### Exercise inputs
^^^^^^^^

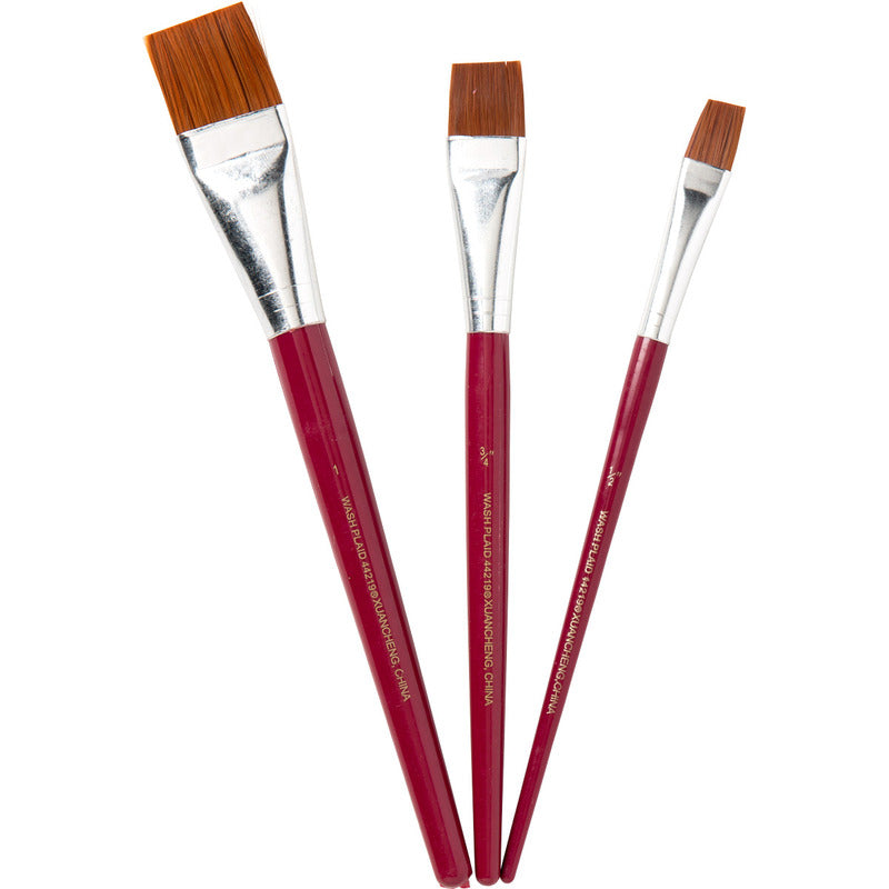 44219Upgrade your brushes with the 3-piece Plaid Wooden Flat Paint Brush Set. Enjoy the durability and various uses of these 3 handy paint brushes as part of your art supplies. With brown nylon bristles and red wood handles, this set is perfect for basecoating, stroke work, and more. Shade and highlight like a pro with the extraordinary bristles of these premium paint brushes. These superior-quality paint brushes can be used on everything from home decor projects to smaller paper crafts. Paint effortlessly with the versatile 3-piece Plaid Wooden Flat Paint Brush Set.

^^^^^^^^

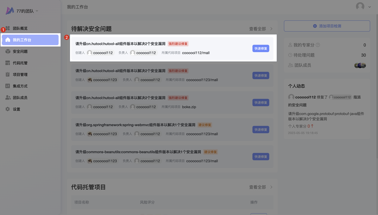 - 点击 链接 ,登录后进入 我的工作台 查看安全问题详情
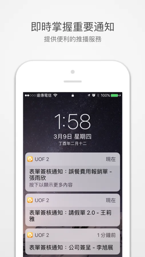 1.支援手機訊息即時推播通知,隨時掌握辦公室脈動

^^^^^^^^

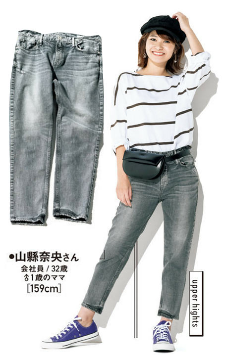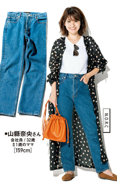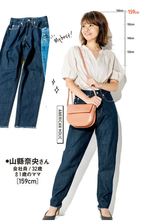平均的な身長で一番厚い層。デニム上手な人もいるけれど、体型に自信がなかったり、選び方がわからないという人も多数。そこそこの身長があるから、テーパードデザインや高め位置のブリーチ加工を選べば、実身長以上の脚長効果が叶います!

^^^^^^^^

### Exercise
Your answer should consist of the lines above between those holding "- 点击 链接 ,登录后进入 我的工作台 查看安全问题详情" and "1.支援手機訊息即時推播通知,隨時掌握辦公室脈動", inclusive, reproduced word for word and without pictures.

### Completed exercise
 - 点击 链接 ,登录后进入 我的工作台 查看安全问题详情
 1.支援手機訊息即時推播通知,隨時掌握辦公室脈動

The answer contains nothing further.